You have to REALLY be into AI to do this for generation/API cost reasons (or willing to have this as a hacking project of the month expense). Even ignoring electricity, a 16 GB 5060 Ti is more expensive than 16,000 image generations. Assuming you do one every 15 seconds, that's 240,000 seconds -> more than 2 months of usage at an hour a day of generations.
If you've already got a decent GPU (or were going to get one anyways) then cost isn't really a consideration, it's just that you can already do it. For everyone else, you can probably get by just using things like Google's AI Studio for free.
>a 16 GB 5060 Ti is more expensive than 16,000 image generations
Sure, but now you get a good gaming GPU that you can write off as a business expense.
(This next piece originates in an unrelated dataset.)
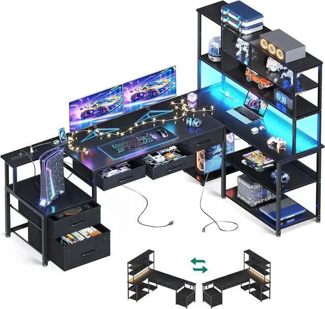 Adjustable non-slip foot pads ensure not only protect your floor from being scratched, but also ensure stability on uneven ground. Easy Assembly & After-Sale ServiceThe AODK office desk come with detailed instructions, all parts are clearly labeled, what you need to do is following instructions step-by-step. If your AODK computer desk arrives damaged, missing part or scratched, please feel free to contact us, our professional customer support team will help you solve the problem within 24 hours. - What You getAODK L-shaped desk provides 1 led light, 2 power outlets, 4 Tier open shelfs, 5 fabric drawers and CPU stand.

16,000? Where are buying your GPU, or API calls? If you don’t want to wait for a bargain then $450 will get you the GPU, and even at that price you’d only be able to buy about 10,000 standard-resolution image gen api calls. Do you do design? Editing? Touch up? You can easily blow through a few hundred api calls an hour: “Turn the stitching green… slightly less saturated… now make the stitches more ragged… a little more… now just slightly less”.
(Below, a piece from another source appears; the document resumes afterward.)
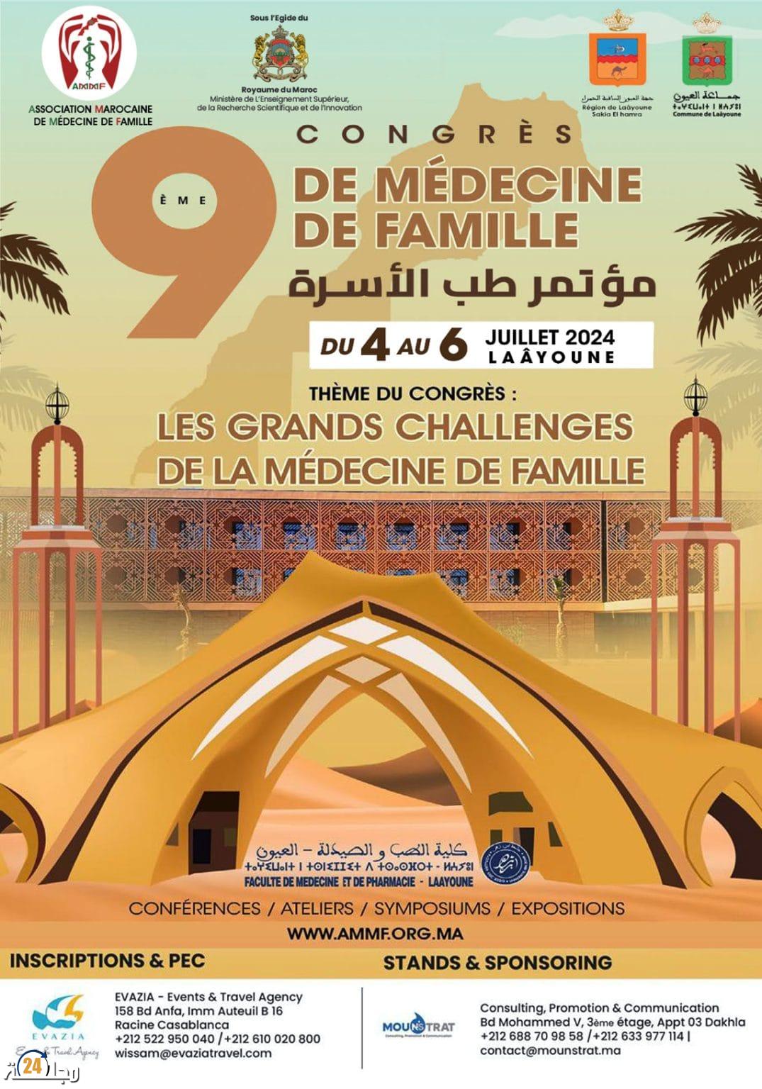 يحتضن قصر المؤتمرات بالعيون ، خلال الفترة ما بين 4 و 6 يوليوز المؤتمر التاسع لطب الأسرة ، الذي تنظمه الجمعية المغربية لطب الأسرة بشراكة مع كلية الطب و الصيدلة بالعيون .

Clearly you’re looking at the task through the eyes of a hobbyist or “of the month” project so the workflow and pace may not be obvious but API budgets spend fast. Just look at the benchmarks in this article to see how many tried some of these changes took- 47, there goes $3 in 3 minutes, or half that time if your quick on the keyboard.
And even then! Well, you’re limited aren’t you? Limited to the Gemini model, or OpenAI, or whoever, and you see the limits of any one model in the article as well. Or you plonk down for a mediocre GPU with some slight VRAM headroom and choose from dozens of models, countless Lora, control nets, and other options, infinitely flexible in painting and outpainting. Ahead of that you’ll need to budget at least a dozen hours to learn local genai tools, comfyui or others. Then, for under a $1 dollar in electricity, you can can queue up a dozen ideas overnight and get 1,000 variations on each of them handed to you in the morning to quickly triage over coffee and email catchup.
It’s not a one size fits all market though, and most professionals are likely finding they want both: A low-cost, high-control, high precision sandbox that isn’t as fast or scalable as the api, and the api for when fast and scalable is what you need.
GPUs are needed for plenty of reasons. I assume plenty have a decent dGPU, even on laptops.
I have a 4080 RTX and Kontext runs great at fp8. I run several other models besides. If you want to get at all good at this, you need tons of throwaway generations and fast iteration and an API quickly becomes pricier than a GPU.
Precisely. Even inflated if the inflated 16,000 api calls was accurate for how much the cost of mediocre GPU would get you, that’s not an endless store of api calls. I’m also on a 4080 for lighter loads, and even just writing benchmarks, exploring attention mechanisms, token salience, etc, without image gen being my specific purpose I may trash half a thousand generations from output every few days. More if I count the stuff that never made it that far too.
The point is just having a "decent" dGPU isn't enough. Even at 16 GB you're already quantizing Flux pretty heavily, someone with a 4080 gaming laptop is going to be disappointed trying to work with 12 GB.